This is story Julie and Sam! They are only seventeen but they seem like they figured out everything about their futures. They have bigger plans. Julie wants to be successful author as Sam wants to be great musician. They will leave the town, renting an apartment in the big city, going to Japan for holiday for meeting Sam’s grandparents. But... they cannot do any of them. Sam is gone!

Julie tries to erase their memories not to hurt anymore, throwing Sam’s belongings, rejecting to go to the funeral, rejecting to communicate with anyone, actually she rejects to say goodbye! She is not ready to leave him forever! And guess what: Sam is not ready to leave her, too!

When she hits the rock bottom, she calls Sam and he picks up the phone. Yes, she PICKS UP and it’s ABSOLUTELY SAM! But HOW IT COULD
BE POSSIBLE! How can they communicate?

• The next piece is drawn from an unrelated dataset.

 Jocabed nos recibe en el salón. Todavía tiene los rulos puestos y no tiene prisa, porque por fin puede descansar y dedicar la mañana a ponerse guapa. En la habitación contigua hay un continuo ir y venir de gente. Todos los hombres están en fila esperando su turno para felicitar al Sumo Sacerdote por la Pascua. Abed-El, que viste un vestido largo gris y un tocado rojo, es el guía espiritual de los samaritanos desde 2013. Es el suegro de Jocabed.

But they actually do.

Sam still has things to show her, presents to share and Julie slowly adjusts in life before Sam. Telling their secret phone calls to anyone can mean they can be disconnected forever! So Julie cannot risk it by sharing with Sam’s loved ones who are struggling badly like her. But what about Mika! They were best friends and she slowly drifts away. She’s in deep pain. She thinks Julie already moved on her life, forgetting Sam, making plans to leave the city. But how can Julie leave Sam? One day she has to say goodbye because their connection on the phone gets weaker at each day. Can she handle to say last goodbye!

Let me tell you something: this book tells the grief so naturally, genuinely. You hear all the characters. You emphasize with their pain. You want to hug them, spending time with them, telling them it’s gonna be okay even though it is never gonna be because pain of losing someone is lifetime suffer. Sometimes it lessens, sometimes it blasts like you put more gasoline into fire. It always hurt but in some way you learn to deal with it. You have to deal with it to move on! Even though it hurts like hell we should hold the memories we shared like life buoy like Julie did!

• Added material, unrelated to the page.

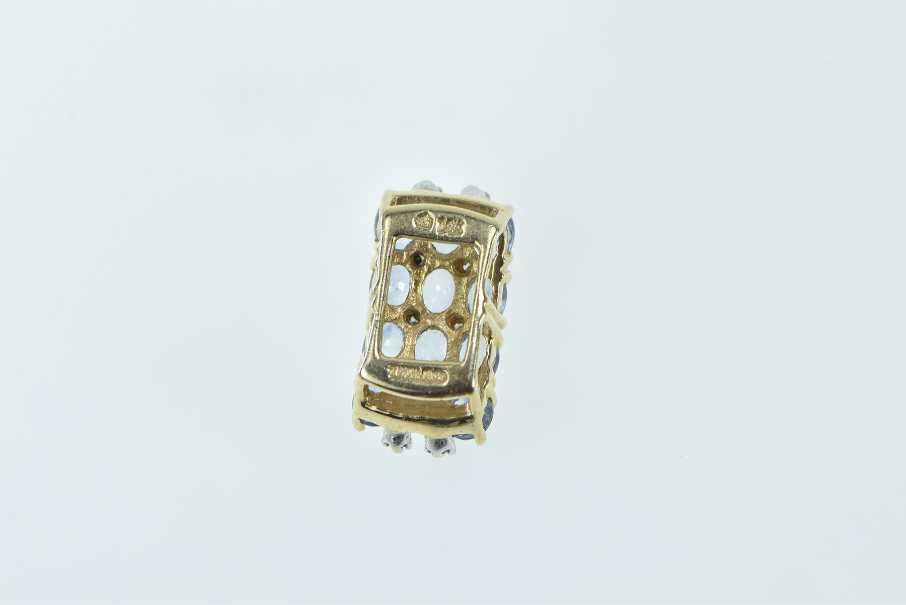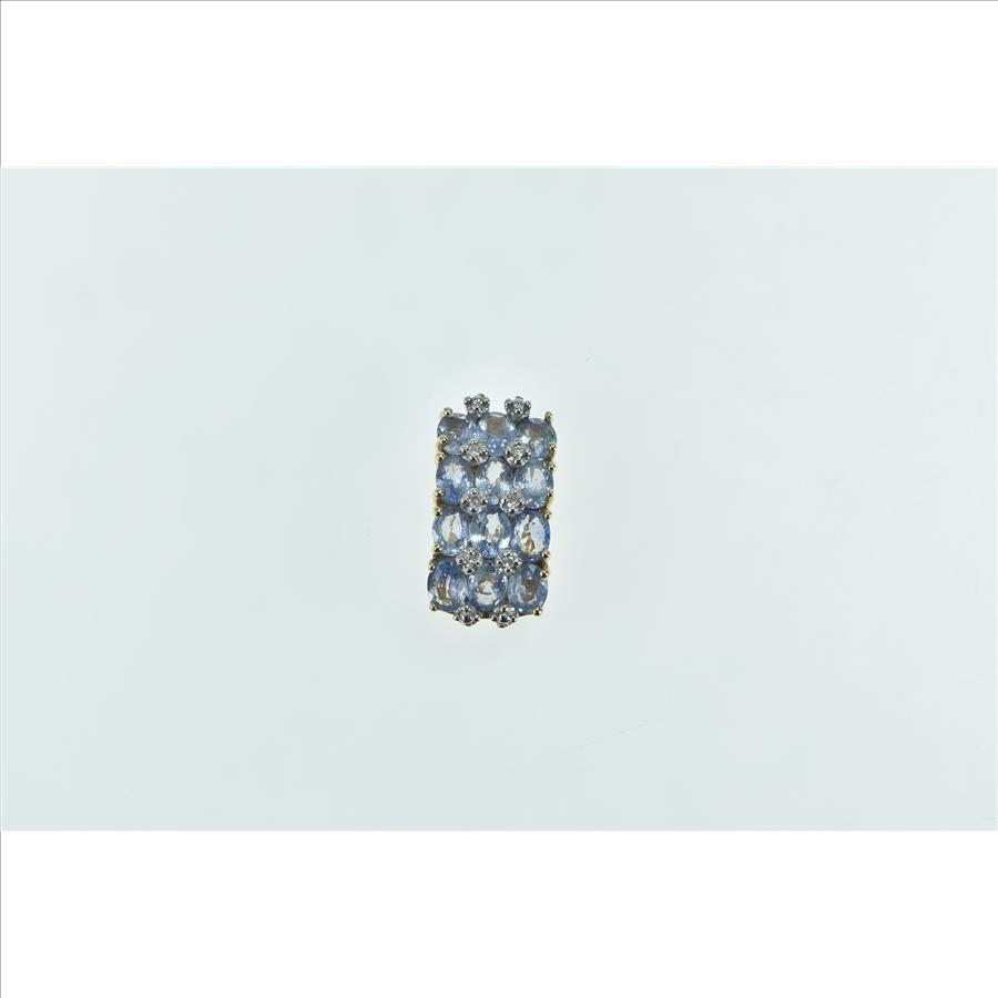 Item:  14K Oval Tanzanite Diamond Squared Slide Yellow Gold Pendant

No more words: I’m still crying. My emotions are everywhere! I need at least one hour to gather my feelings but I’m telling you something just read this powerful beauty and meet those amazing characters! The pain you endure, the sadness you need to overcome are truly worth it!

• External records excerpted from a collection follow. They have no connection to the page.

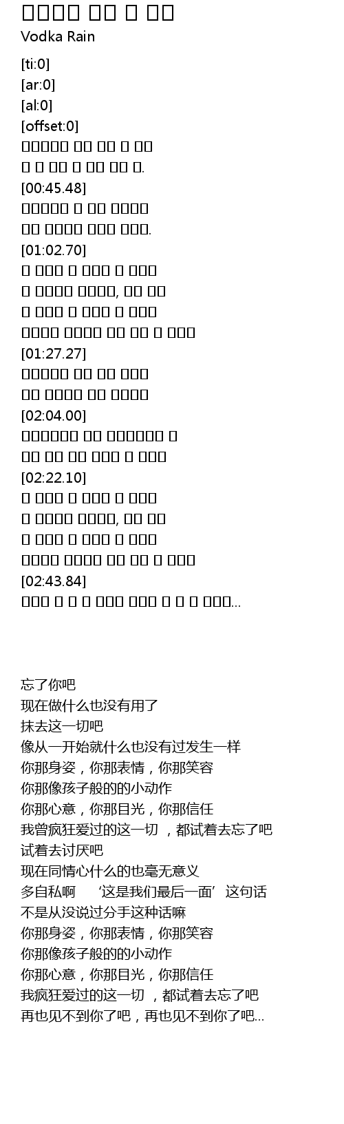 | [02:35.56] | 미치도록 사랑했던 모든 것을 다 지우렴 |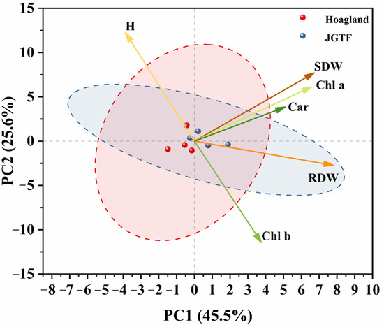 Biplot of PCAs describing the correlation between the evaluated traits in response to different nutrient solutions. Shoot dry weight, SDW; Root dry weight, RDW; Plant height, H; Chlorophyll a, Chl a; Chlorophyll b, Chl b; and Carotenoid, Car. The vectors represent individual parameters, where the length of each line indicates the relative contribution of the parameter to the principal components, and the angle between lines reflects the degree of correlation among parameters (<90°, positive correlation; =90°, no correlation; >90°, negative correlation). The ellipse indicates the region within which the sample set is distributed with 95% confidence. Samples from Hoagland and JGTF are marked in red and blue, respectively.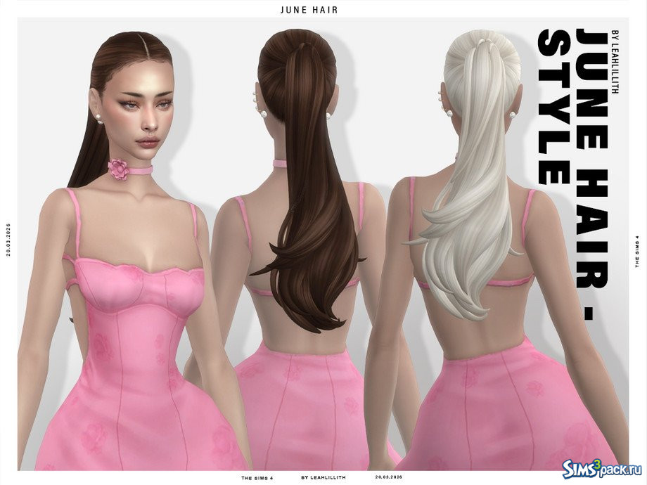 Скачать Прическа с длинным хвостом от Leah Lillith для Симс 4

Special thanks to NetGalley and St. Martin’s Press/ Wednesday Books for sharing this excellent digital reviewer copy with me in exchange my honest thoughts.




Quick confession: I barely read the last pages of this book because I cried so hard: my tear drops got thicker turned into a flood. I couldn’t see anything. I kept rubbing my eyes and my vision was gone. It was like driving your car at a rainy day when your wipers are not working properly!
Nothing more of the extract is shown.